=== Begin Enclosure ===

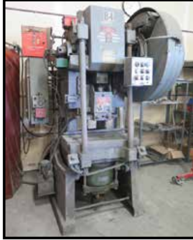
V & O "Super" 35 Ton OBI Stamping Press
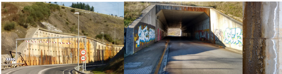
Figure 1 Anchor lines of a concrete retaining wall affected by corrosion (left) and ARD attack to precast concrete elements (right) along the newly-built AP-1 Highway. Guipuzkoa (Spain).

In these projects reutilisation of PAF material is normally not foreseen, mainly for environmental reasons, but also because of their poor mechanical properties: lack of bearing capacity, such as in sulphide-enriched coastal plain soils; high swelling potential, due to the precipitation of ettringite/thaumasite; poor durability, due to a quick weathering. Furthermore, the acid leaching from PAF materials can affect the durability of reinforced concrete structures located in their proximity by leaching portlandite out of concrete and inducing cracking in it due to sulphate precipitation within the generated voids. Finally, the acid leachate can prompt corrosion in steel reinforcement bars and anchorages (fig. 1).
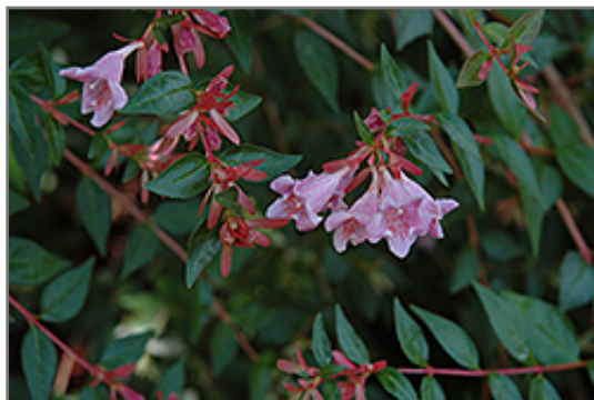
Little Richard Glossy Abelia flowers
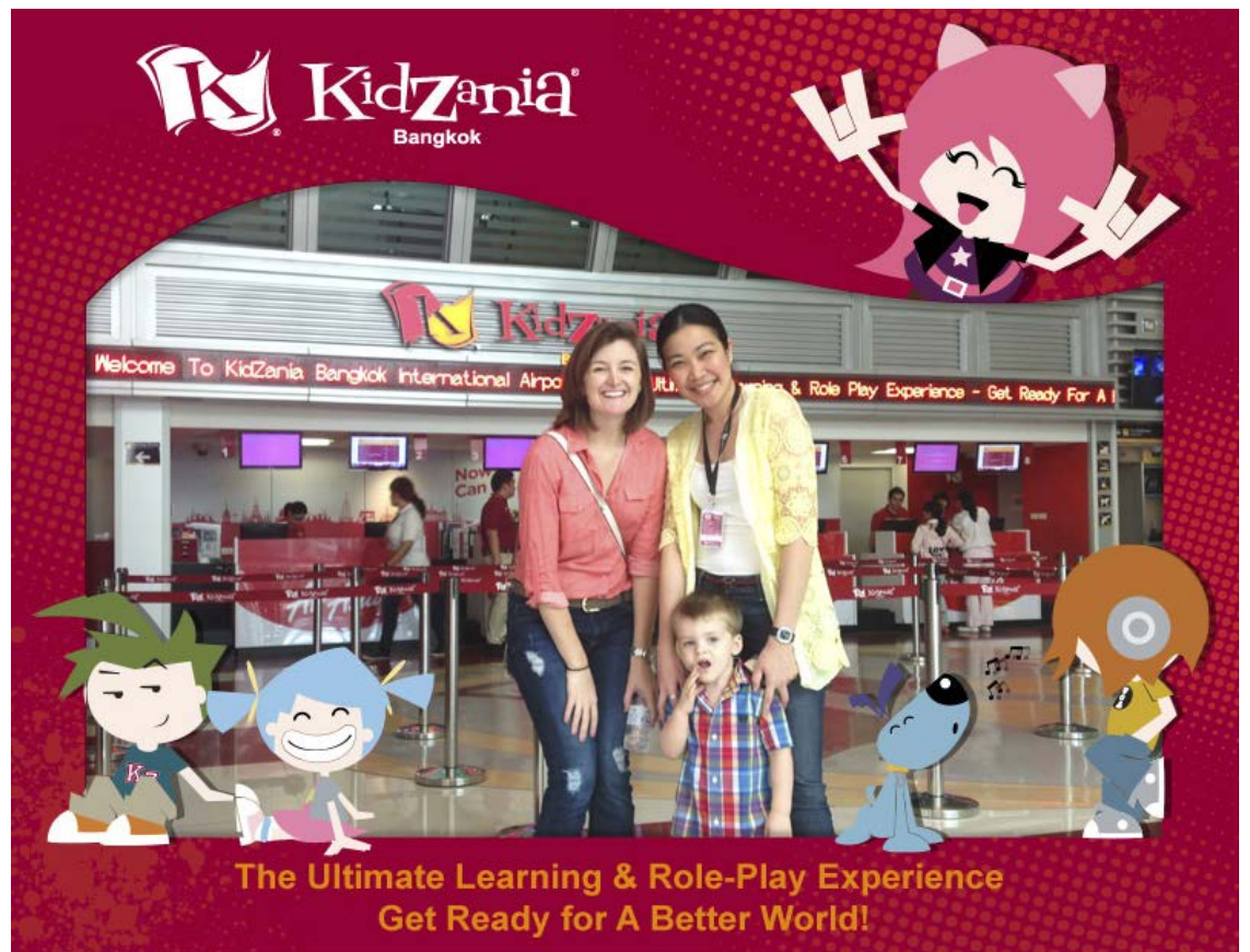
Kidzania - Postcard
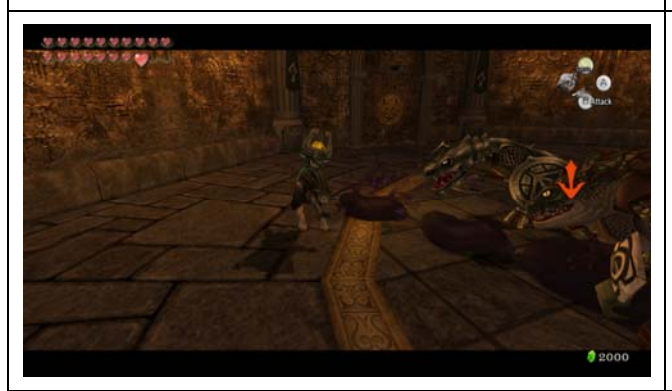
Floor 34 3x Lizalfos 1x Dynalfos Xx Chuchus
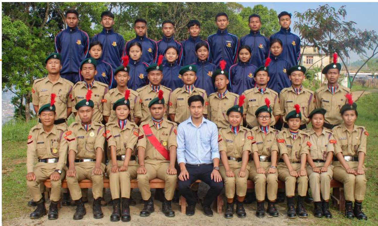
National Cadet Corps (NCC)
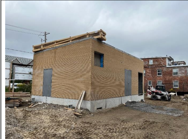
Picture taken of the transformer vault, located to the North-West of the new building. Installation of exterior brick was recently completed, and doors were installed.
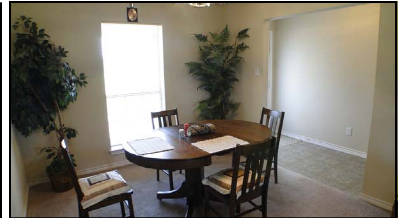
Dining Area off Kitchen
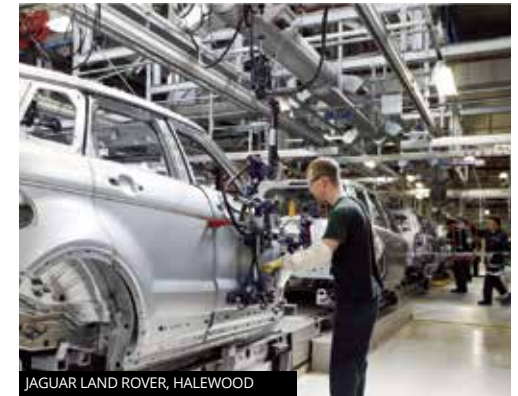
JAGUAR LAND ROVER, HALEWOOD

=== End Enclosure ===

What is required >> Could you repeat exactly the lines from the first one of the records above through the line containing "Figure 1 Anchor", leaving out any pictures?

Written response >>
V & O "Super" 35 Ton OBI Stamping Press
Figure 1 Anchor lines of a concrete retaining wall affected by corrosion (left) and ARD attack to precast concrete elements (right) along the newly-built AP-1 Highway. Guipuzkoa (Spain).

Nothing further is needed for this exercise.